Good money retains value. So to retain and grow wealth, we need to exchange our bad money for good money, or something more valuable than money.


What constitutes good money? I mentioned precious metals above, specifically gold. With only slight fluctuations, gold has retained its value consistently for over 6000 years. Priced in ounces of gold, things 2000 years ago in the Roman Empire cost the same or slightly more than those same things today. Over time, prices should come down slightly due to better manufacturing techniques and processes. In a properly managed economy supported by good money, a slight deflation is normal.


Another excellent form of money that holds its value is Bitcoin and similar cryptos that have a fixed quantity ever available. Because of increased demand as more entities adopt Bitcoin, its value has actually increased significantly. Eventually, this demand will stabilize, but there are likely several more years to go before that occurs. At the end of the day, there will only ever be 21 million Bitcoin produced, and with a growing world population, demand will by default increase, whereas with gold, nobody knows the full supply.


Transacting with these alternate forms of money is challenging because either the merchants don't accept them in payment for goods and services, or because they are not legal tender. But they can be used as a store of value that will keep up with inflation.
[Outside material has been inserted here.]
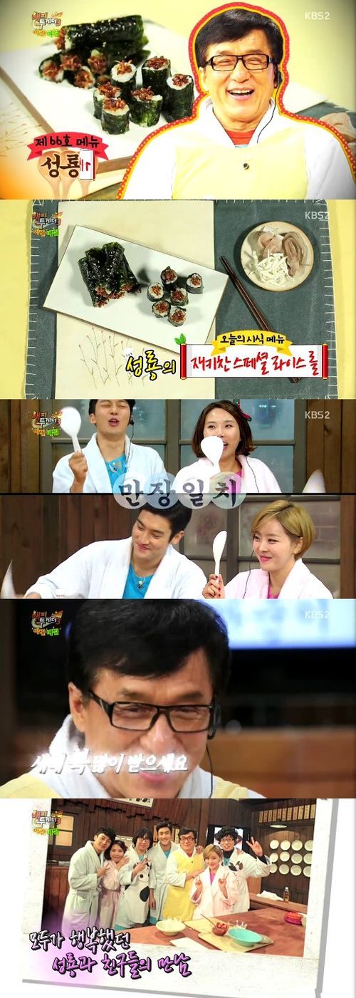 ‘해피투게더3’ 월드스타 성룡이 만든 ‘재키찬 스페셜 라이스 롤’, 일명 기찬 김밥이 만장일치로 야간매점 메뉴 등극에 성공했다.

Stocks and real estate can also be used as a store of value, so long as the asset is conservative and has a set of features causing it to retain value. The advantage of these types of assets is that they not only retain value, but they also throw off an income by paying a dividend or rent. Famed investor Warren Buffett is a huge fan of dividend paying stocks that produce income, versus a bar of gold buried in the ground that produces nothing.
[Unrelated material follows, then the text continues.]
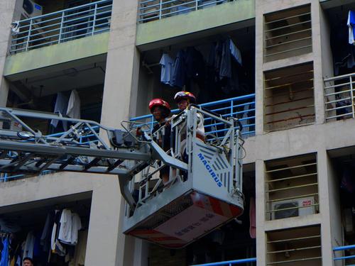 随后,消防官兵对此次演习进行了点评,指出了演习中存在的问题,x小黄书 部分同学还参与了消防登高体验和灭火器操作体验。

At the end of the day, if you want to retain and build wealth over time, you must frequently exchange your income of bad money (dollars) for good money (precious metals, Bitcoin, stocks, or real estate). Or as famed Rich Dad Poor Dad author Robert Kiyosaki would say, constantly "Buy Assets" that retain value and preferably also throw off income.


Ensure your bad money chases good money, and never exchange your good money for bad money.


If you need bad money to buy something, borrow the bad money using your good money as collateral, then pay back the bad money with even less valuable bad money over time. By not selling the good asset for bad money, you also avoid capital gains taxes on the good asset.


Yes, in the modern economy, borrowing your way to wealth is a viable strategy if you are conservative in the approach. Best of all, anyone can do this.